:: Records to process ::
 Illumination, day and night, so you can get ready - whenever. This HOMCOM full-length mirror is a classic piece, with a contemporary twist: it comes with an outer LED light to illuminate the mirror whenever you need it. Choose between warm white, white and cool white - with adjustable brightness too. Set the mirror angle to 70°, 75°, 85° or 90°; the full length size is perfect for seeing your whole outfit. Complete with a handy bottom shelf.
==
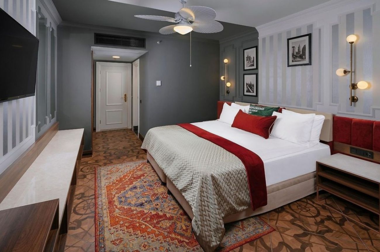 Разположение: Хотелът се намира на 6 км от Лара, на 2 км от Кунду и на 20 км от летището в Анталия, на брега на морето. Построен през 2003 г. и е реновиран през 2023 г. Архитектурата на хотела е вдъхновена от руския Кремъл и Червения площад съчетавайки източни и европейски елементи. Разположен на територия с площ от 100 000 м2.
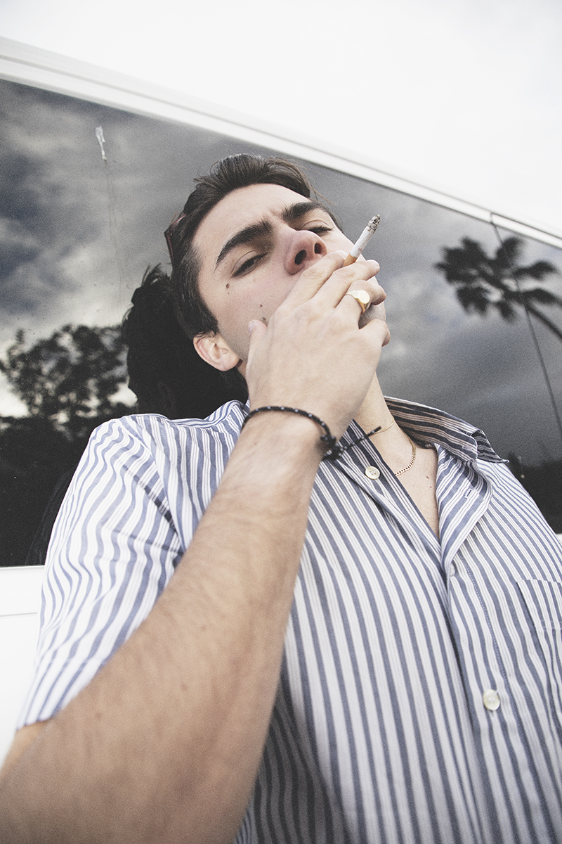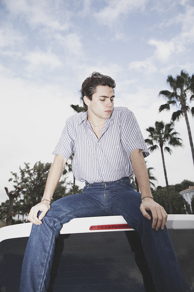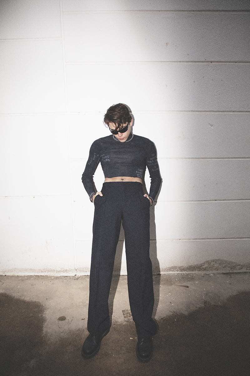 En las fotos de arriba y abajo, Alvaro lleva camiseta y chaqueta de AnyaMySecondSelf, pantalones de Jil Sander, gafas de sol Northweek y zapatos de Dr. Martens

:: Activity ::
What you return must match, character for character, the lines above from the one with "Разположение: Хотелът се" through the one with "En las fotos", minus any pictures.

:: Output for this task ::
 Разположение: Хотелът се намира на 6 км от Лара, на 2 км от Кунду и на 20 км от летището в Анталия, на брега на морето. Построен през 2003 г. и е реновиран през 2023 г. Архитектурата на хотела е вдъхновена от руския Кремъл и Червения площад съчетавайки източни и европейски елементи. Разположен на територия с площ от 100 000 м2.
 En las fotos de arriba y abajo, Alvaro lleva camiseta y chaqueta de AnyaMySecondSelf, pantalones de Jil Sander, gafas de sol Northweek y zapatos de Dr. Martens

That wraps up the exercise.